A state court ruling in a legal dispute between a medical-marijuana grower and a dispensary has laid bare an argument that could be the undoing of Colorado's medical-marijuana system.
Grower Quincy Haeberle sued Blue Sky Care Connection and its manager, Laura Lowden, after saying he delivered $40,000 worth of marijuana to the business and wasn't paid. The grower wanted a judge to tell Blue Sky Care Connection to pay up.
But, in an order issued this month, Arapahoe County District Court Judge Charles Pratt found in favor of the dispensary. Because all marijuana sales are illegal under federal law, Pratt reasoned that the contract between grower and dispensary was void — in line with longstanding legal precedent that contracts concerning illegal activities are invalid.
Deeper into the ruling, Pratt made an even more significant conclusion: Colorado's entire medical-marijuana law is invalid because it is trumped by federal law.
"(A)ny state authorization to engage in the manufacture, distribution or possession of marijuana creates an obstacle to full execution of federal law," Pratt wrote. "Therefore, Colorado's marijuana laws are preempted by federal marijuana law."
Haeberle is deciding whether to appeal, his attorney said.
The ruling, which was first reported by Westword, was a jolt to Colorado's cannabis cognoscenti, even though it is uncertain how widespread its impact will be. Because the order was issued by a District Court judge, it does not count as legal precedent that other judges must follow.
A spokeswoman for the Colorado attorney general's office said the office was monitoring the case but did not have any comment.
Sean McAllister, a lawyer who specializes in medical-marijuana law but was not involved in the case, said the ruling would be detrimental to medical-marijuana businesses if adopted by other judges. But McAllister said he thinks Pratt overlooked several important decisions — such as a U.S. Supreme Court decision not to take up a case where the California Supreme Court had found that federal law does not override state medical-marijuana law.
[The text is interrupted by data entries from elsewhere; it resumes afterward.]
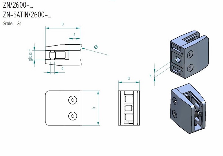 Materiál: ZAMAK slitina, Povrchová úprava: Brus, Tloušťka skla: 8 - 12,76, Sloupek: 40x40x2, Výplň: Sklo, Model: Model 26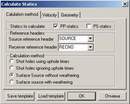 Вкладка Calculation method (рис. 4.18плакат 17а) – определяет способ расчета статических поправок: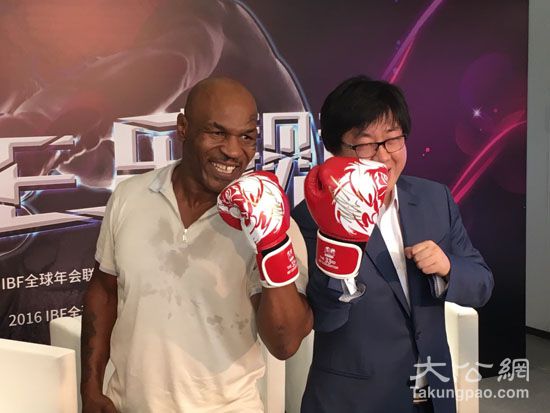 拳王泰森与乐视体育首席运营官于航。/大公报记者 孙琳 摄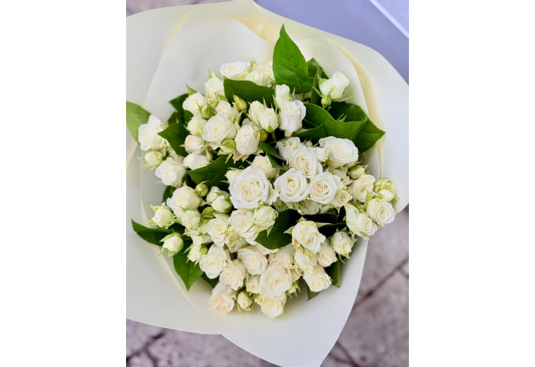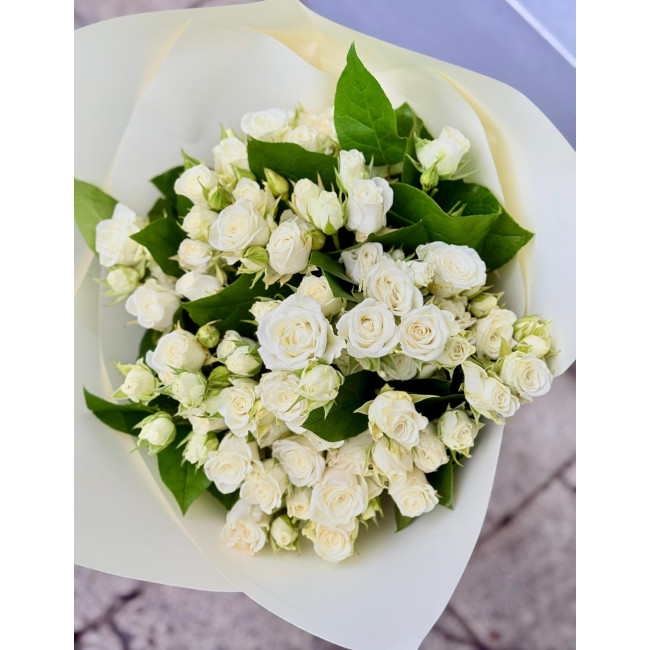 Buchet 9 miniroze albe frunze de salal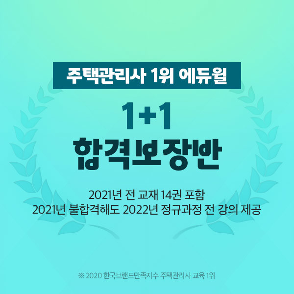 [시민일보 = 여영준 기자] 종합교육기업 에듀윌(대표 박명규)은 주택관리사 수험생을 위해 ‘1+1 합격보장반’을 선보이고 수강생을 모집한다.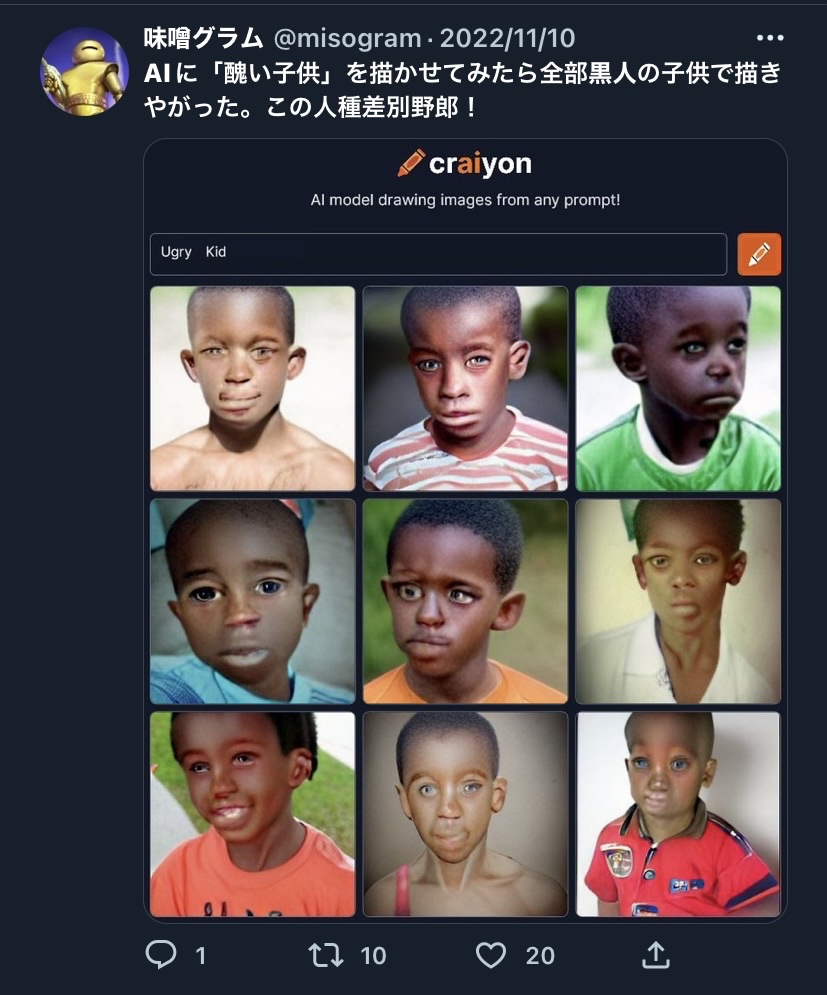 醜い子供の奴が使ってる「craiyon」ってアプリはテキストから画像生成するタイプだからマジで色関係ないし

"I think it's a very poor decision by the judge," McAllister said. "It's not one that I believe will be widely adopted."
Yet University of Denver law professor Sam Kamin said the question of federal pre-emption remains in play across the country.
This month, for instance, Arizona's attorney general issued a legal opinion saying much of that state's medical-marijuana law was invalidated by federal law. Whenever a state law authorizes a violation of a federal law, that opinion argued, it is trumped by the federal law.
"We are heading, inevitably, to a collision between state and federal law," Kamin said.